Marolt's programs sought to channel that drive, but it's doubtful that they ever really understood it. Miller spoke frankly about that motivation. He spoke about needing to do his best more than he needed to win -- and anyone who watched him race believed him. After winning two silver medals at Salt Lake City, Miller missed his final chance for a gold in the slalom when a mistake sent him sliding past a gate. When he turned and began frantically scrambling up the hill to get back on course, some watchers understood why, and cheered, and some did not and stood silent. With the time lost, there was no hope of a medal, much less a win. But Miller needed to finish the race and do his best, even though there would be no medal, no metric, no corporate standard of excellence, to mark his effort.

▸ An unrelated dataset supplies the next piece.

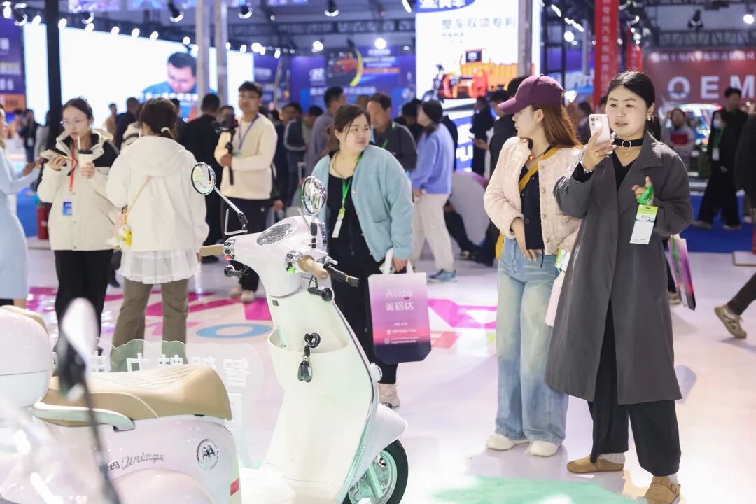 作为“中国电三之都”,丰县产出全国超七成电动三轮车,本届展会10万平米展区覆盖休闲三轮、货运重载、封闭篷车及核心零部件全产业链,成为检验品牌综合实力的“考场”。与中小品牌扎堆低价车型不同,头部品牌爱玛以超大展位、清晰场景化分区、科技化视觉呈现成为全场焦点,洽谈区、产品体验区持续客流爆满,经销商合作意向强烈,直观反映出行业品牌集中度快速提升的趋势。

Miller's motivations have never suited him to be a good corporate do-bee -- and now, like many another talented but outspoken denizen of the corporate world, he has said the wrong thing and come under the hammer for it. At the end of the week, everyone shook hands and made nice, but it's hard to see a long-term happy outcome from this. The USSA, which has considerably more power over the private conduct of its athletes than a corporation does over its employees, isn't interested in altering its policies according to the wishes of its athletes. But as much as the USSA has benefited from Marolt's methodical approach to creating a sustainable talent system, it needs to remember where that talent comes from, and how it grows in the years before its most remarkable examples join the US Ski Team.

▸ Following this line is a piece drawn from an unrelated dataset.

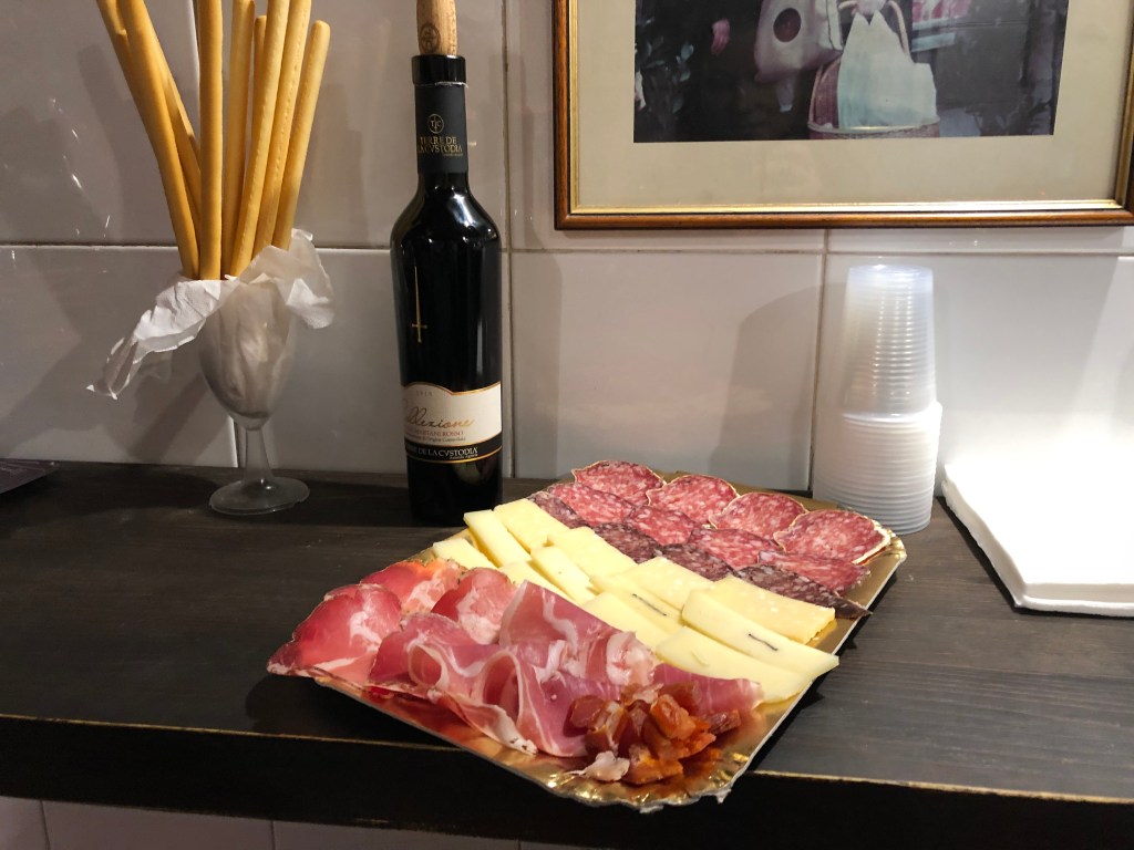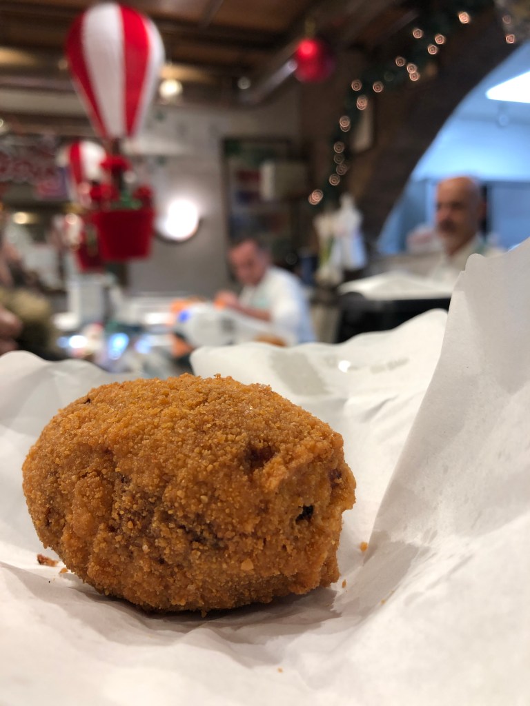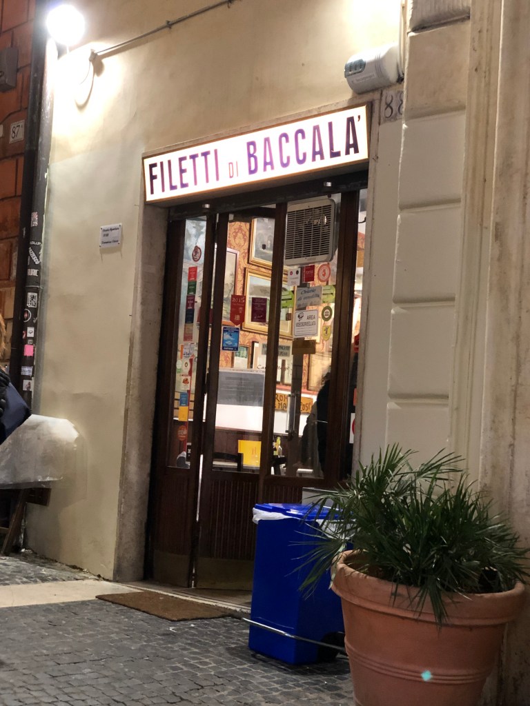 After meeting up with our guide, Francesca, and the two other guests, we set out for what would be a night of food, drinks, fun, and, well, more food! We journeyed to eight different stops, each serving us a unique piece of Roman culture. Out of everywhere we stopped, Dar Filettaro and Ristorante Impiccetta particularly resonated with me. Why? At Dar Filettaro, we each got a fried Cod fish fillet; something so tasty and distinct to this one little shop (so we were told!).

Without that talent, and the things that drive it, Marolt's corporate vision is sunk. "Best in the world" simply will not happen without the world's best, and the world's best -- who got that way by skiing through the woods and ducking under snowmaking pipes, or by dodging the ski patrol -- will fail to thrive under a regime that punishes outspokenness and rewards a sterile and safe conformity. And so Marolt's plan seems primed to backfire, as the policies and programs and metrics that make up his corporate-themed pursuit of excellence turn paradoxically into a retreat from excellence when it comes wearing a controversial and unconventional form. Marolt's professionalism has borne much fruit to date, but it may have reached its limit, and become the limit of his team. An identity concocted by marketing wonks cannot form the heart of a sports team, where individuals must continually strive to do the seemingly impossible, and keep searching for excellence even when no one is watching.